Technology against plurality; or, Arendt on "The Rise of the Social (Media)"?

February 01, 2020

Small piece on a large topic: Are algorithms fracturing our once-unified culture, leaving us in an archipelago of incommensurabilities, or are they ruthlessly feeding our already-diverse expectations, thereby reinforcing a polytheism of insular homogeneous niches?  A useful lexicon for thinking about our worries, and some good lines, like this one:

We thought the long tail of the internet would bring diversity; instead we got sameness and the perpetuation of the oldest biases, like gender discrimination. The best indicator of what gets recommended is what’s already popular, according to the investor Matthew Ball, a former head of strategy at Amazon Studios. “Netflix isn’t really trying to pick individual items from obscurity and get you to watch it,” Ball said. “The feedback mechanisms are reiterating a certain homogeneity of consumption.”
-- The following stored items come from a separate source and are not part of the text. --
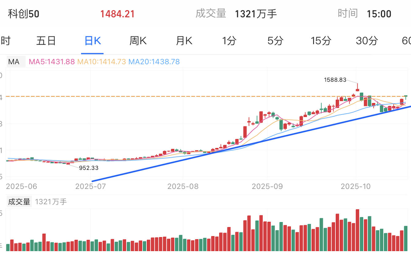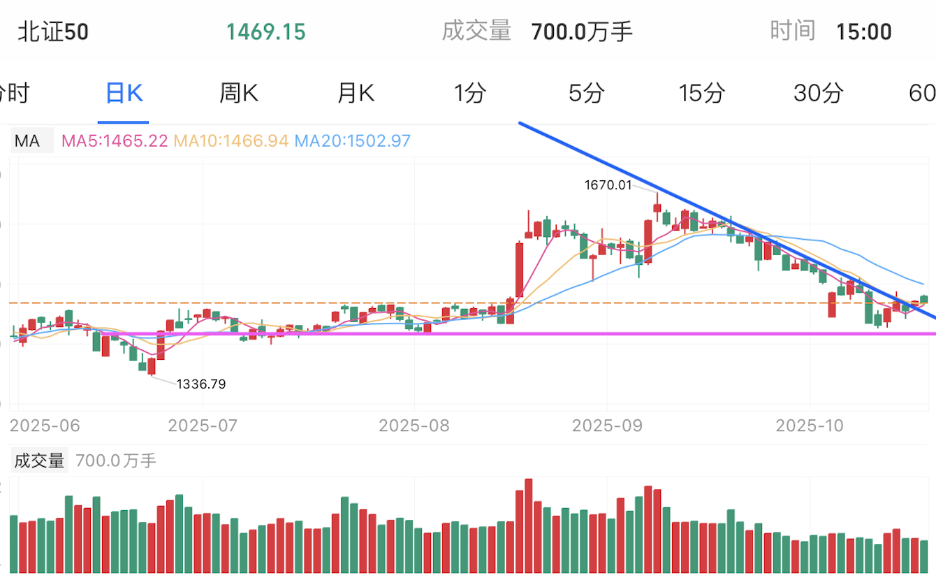 北证50 短期趋势下行,这两日在前低支撑位反弹,有止跌迹象,但周一是全市场唯一下跌的指数,目前仍处于盘整期。科创50在上涨趋势线附近止跌,周一大幅反弹,止跌回升,暂时没有突破前高压力位。
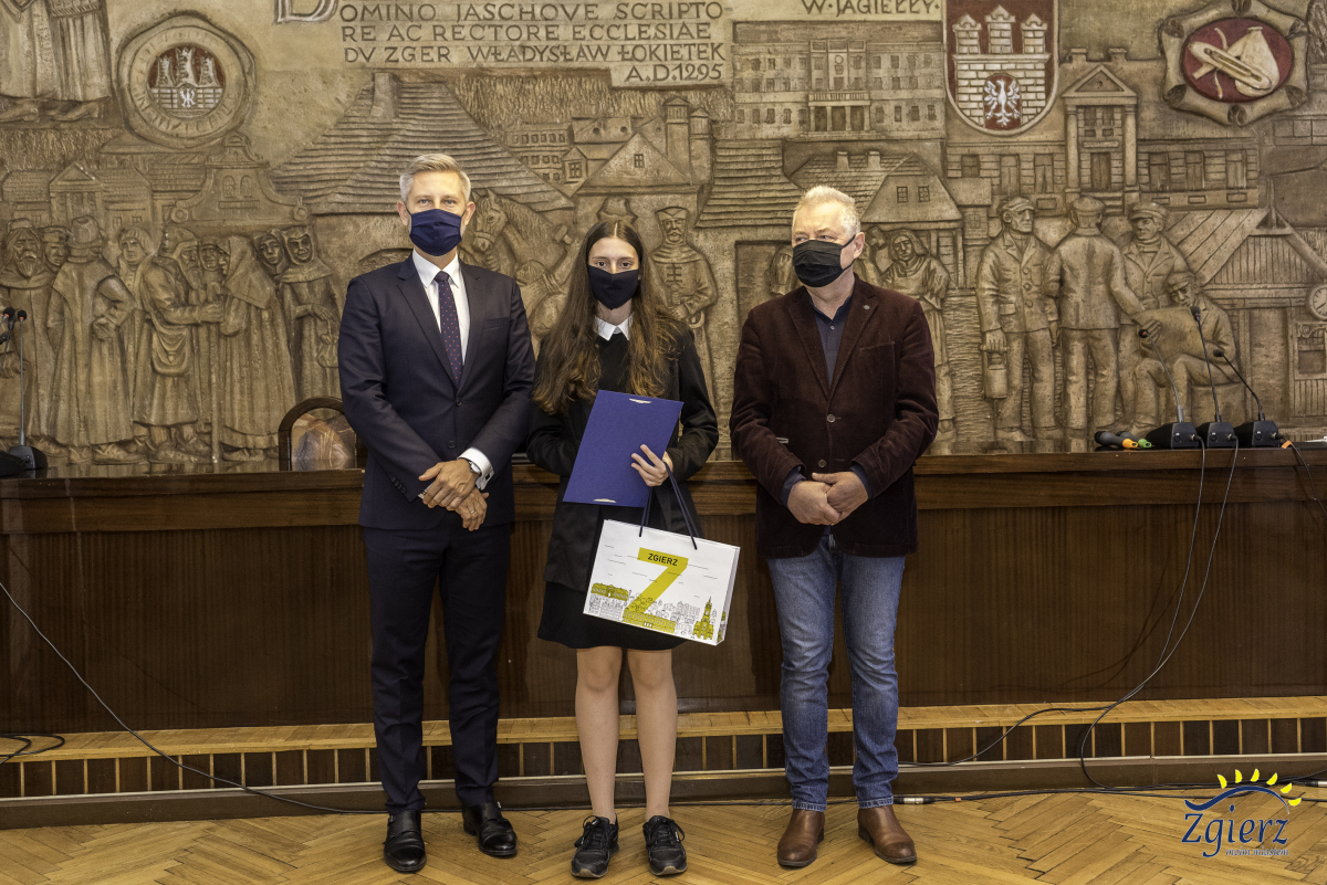 Pamiątkowe zdjęcie laureata konkursu z prezydentem miasta i dyrektorem MOK
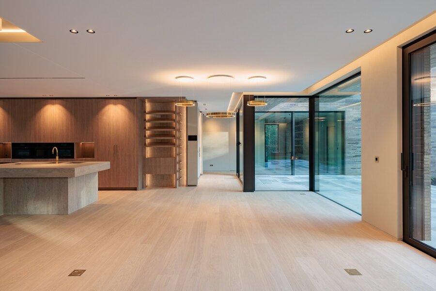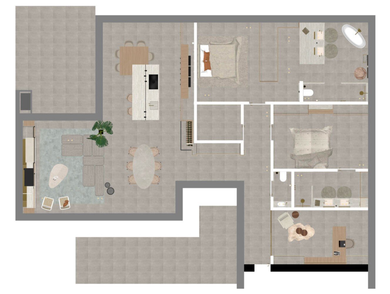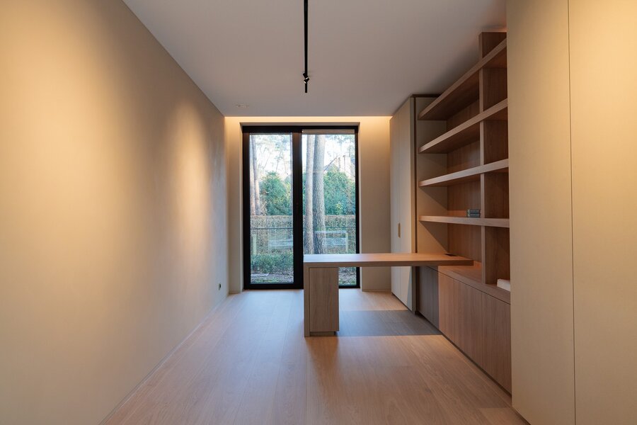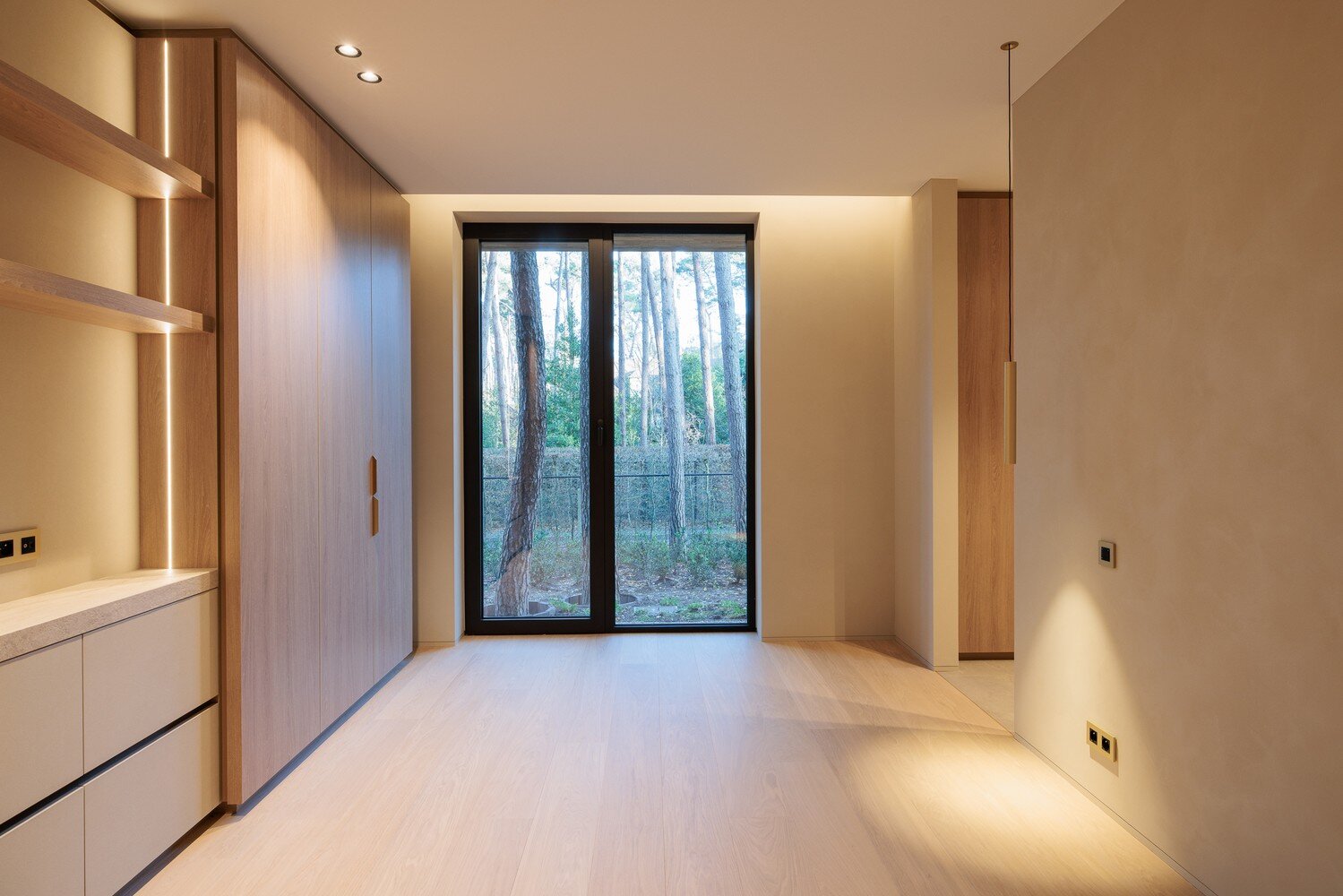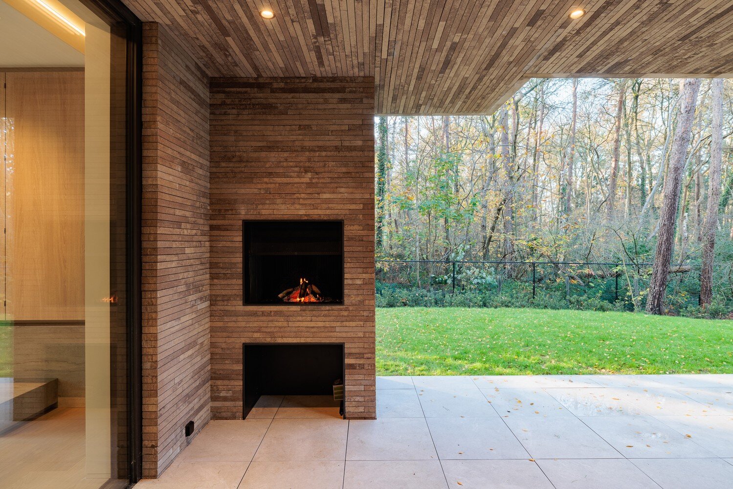 De royale leefruimte met elegante haardwand sluit naadloos aan op de luxueuze open keuken, volledig uitgerust met Miele-toestellen, een Bora-kookplaat en een Quooker-kraan. Deze leefzones vloeien over in twee deels overdekte terrassen van samen 41 m², met prachtig uitzicht op de riante gemeenschappelijke tuin en de groene omgeving. Eén van de terrassen beschikt bovendien over een gezellige ingebouwde buitenhaard – ideaal voor sfeervolle avonden in elk seizoen.
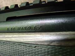 barrel is rifled one turn in eight inches (1/8) to stabilize
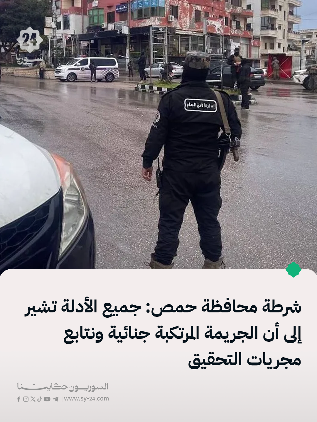 شرطة محافظة حمص: جميع الأدلة تشير إلى أن الجريمة المرتكبة جنائية ونتابع مجريات التحقيق
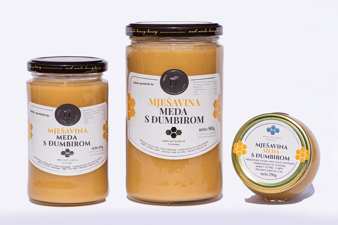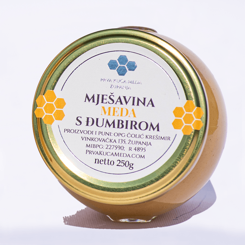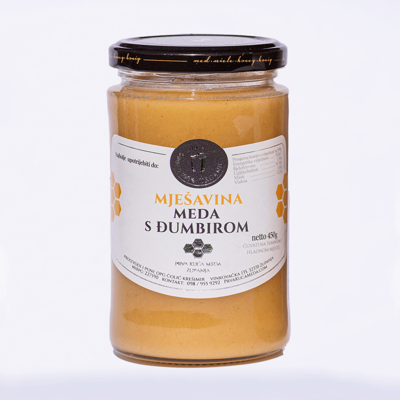 Mješavina meda s đumbirom izvrsna je kombinacija okusa i zdravih sastojaka. Aromatičnog je okusa i mirisa. Đumbir se stoljećima koristi kao začin, ali i kao djelotvoran lijek. Osim što djeluje antioksidativno, višestruko je učinkovit kod povišenog kolesterola. Smiruje nervozan želudac, pomaže kod mučnina i sprječava nadutost. Koristi se za prevenciju gripe i prehlade jer jača imunitet i time jača organizam u borbi protiv bolesti. Učinkovit je protiv upornog kašlja i simptoma prehlade, pomaže kod smanjena tegoba reumatoidnog artritisa, smanjuje stres i otklanja napetost.
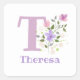 Personalised with Name and First Initial. Design features Monogram & Name with Flowers either side in a water colour pastel style. Example name is Theresa. Could be for anyone with a name beginning with T.
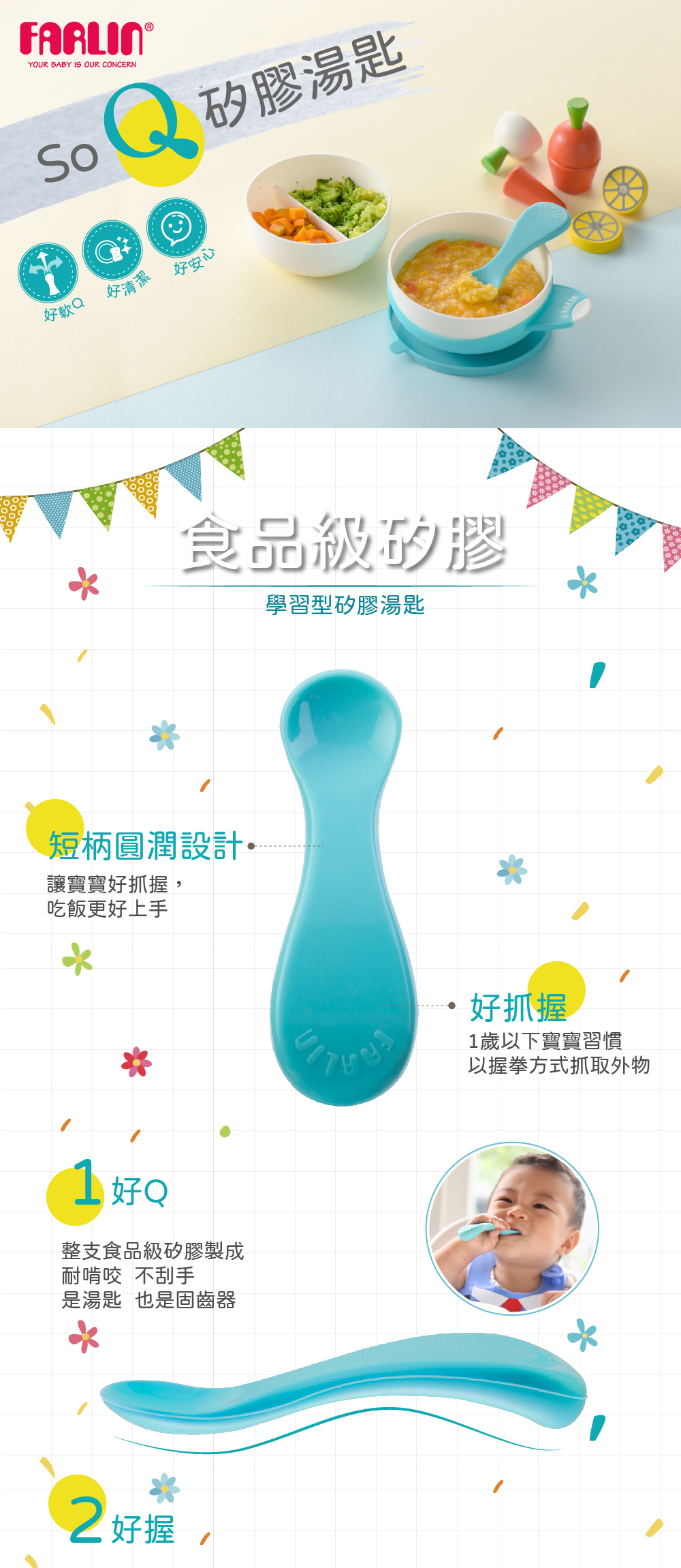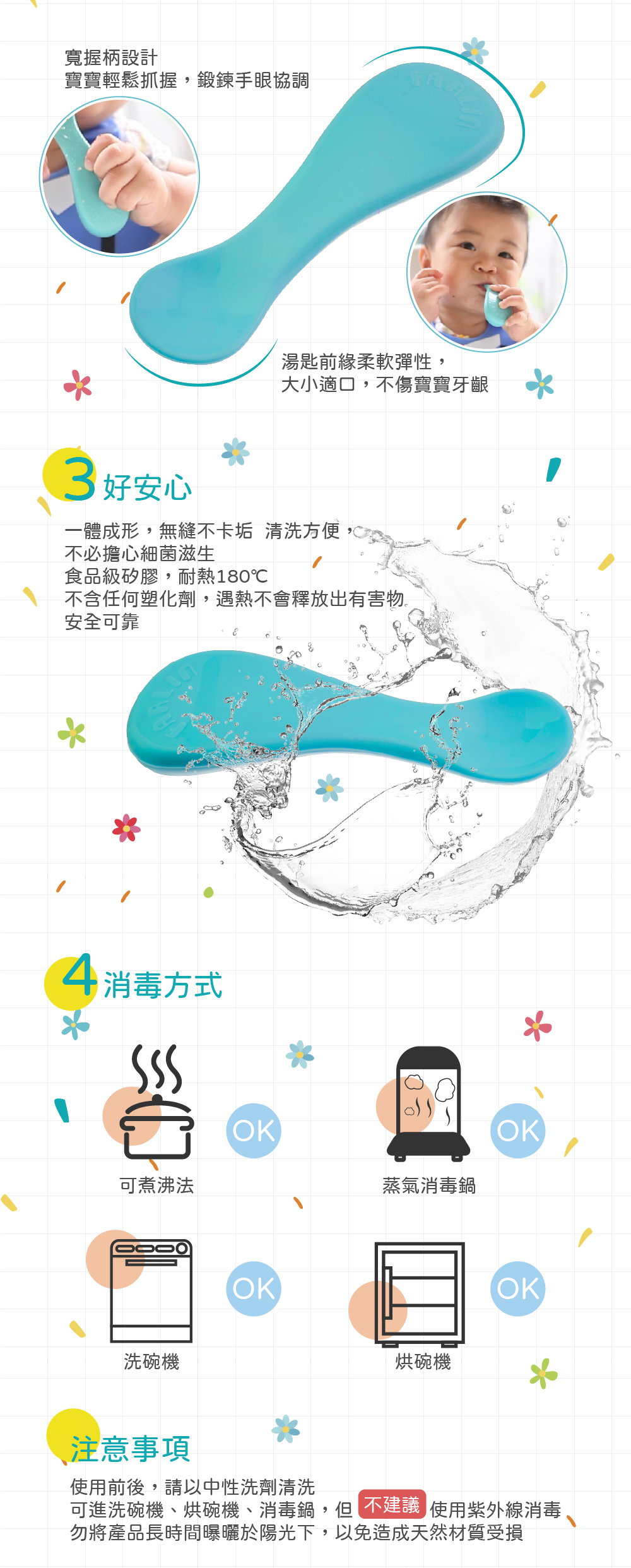 ˙湯匙前緣柔軟彈性,大小適口,不傷寶寶牙齦
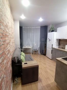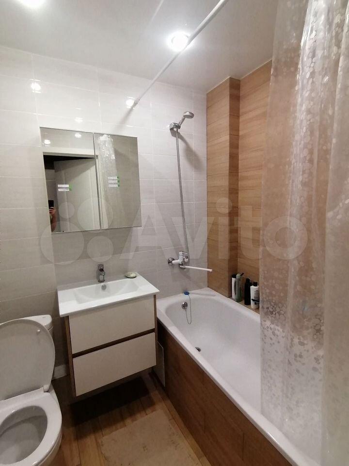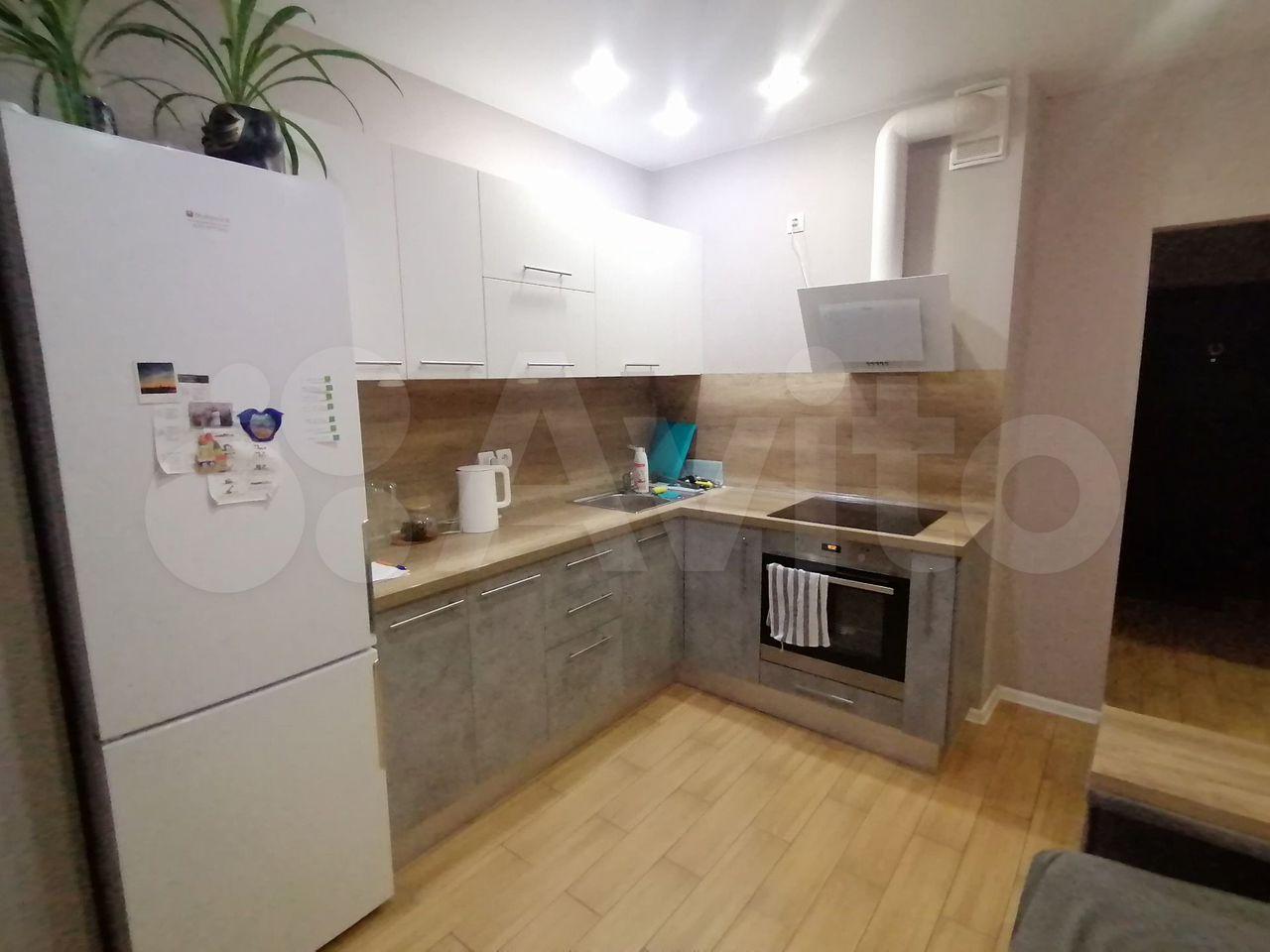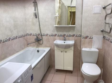 Кухня площадью 8 м² оборудована современной техникой, включая холодильник. В комнате установлены шкафы для хранения вещей. Санузел раздельный, с качественной сантехникой и новой плиткой.
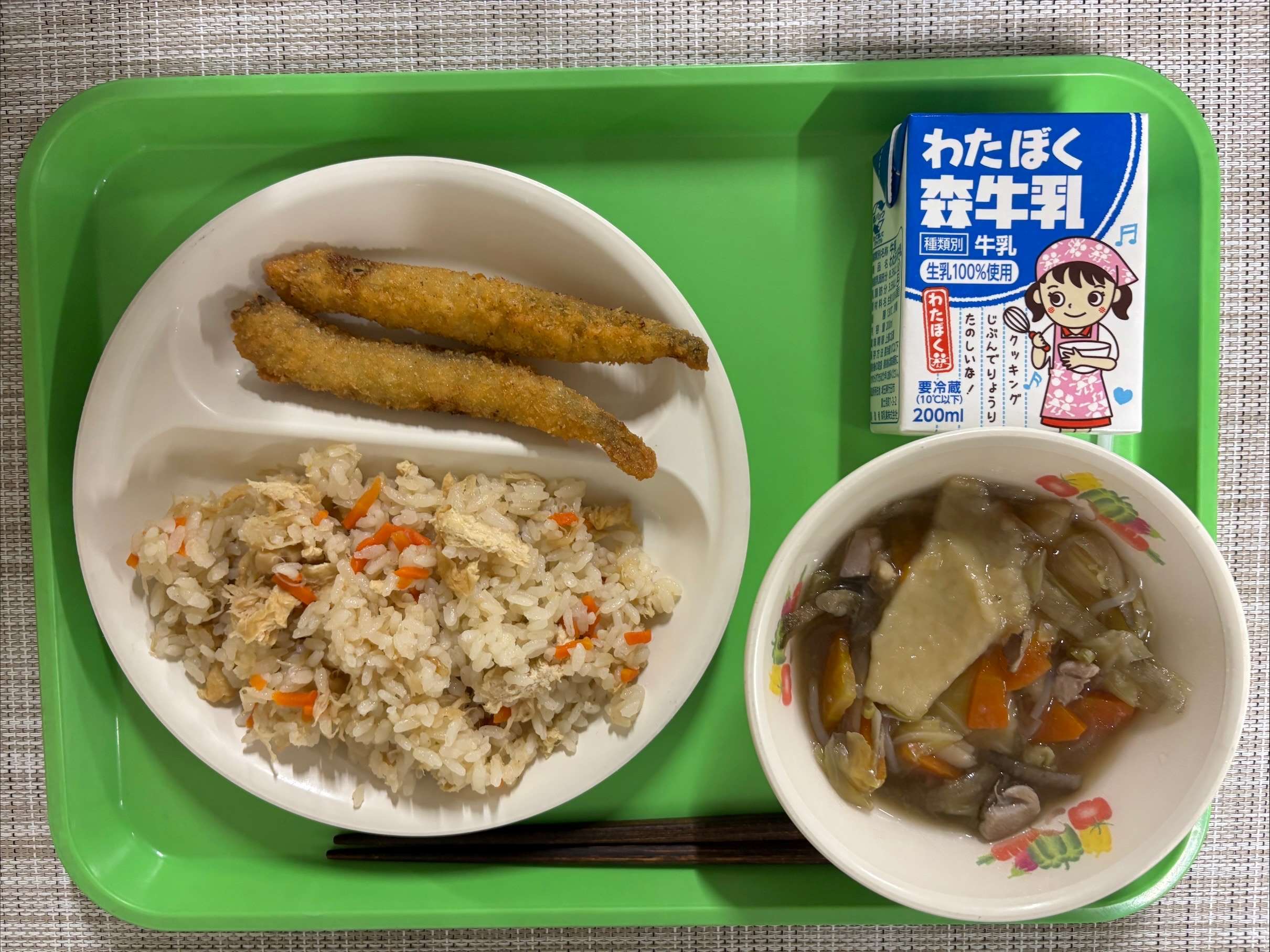 【今日の献立】 ほたてごはん・ししゃもフライ・せんべいじる・牛乳
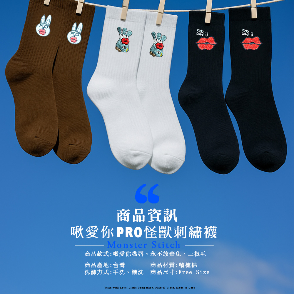 商品名稱:啾愛你PRO怪獸刺繡襪

This makes me think that there's something to Arendt's argument that in the twentieth century we saw the distinction between public and private effaced, and the idea of "the social" emerging to encompass them both.  Arendt's idea has been attacked by many people--famously by Stephen Holmes as "polis envy," which tells you more about him than about her thought--and I allow that there's a bit of nostalgia in her German declinism.  But I also think that there's something really interesting in the idea of distinguishing between public and private, in the service of creating a truly pluralistic public space; maybe the one kind of distinction allows for other kinds of divisions to be overcome.  That would push Arendt in the direction of the kind of "liberalism" I like, the liberalism of Trilling and Niebuhr and Ellison, what Amanda Anderson calls Bleak Liberalism.  I like it.  Anyway, just a perhaps over-gnomic thought for Saturday morning.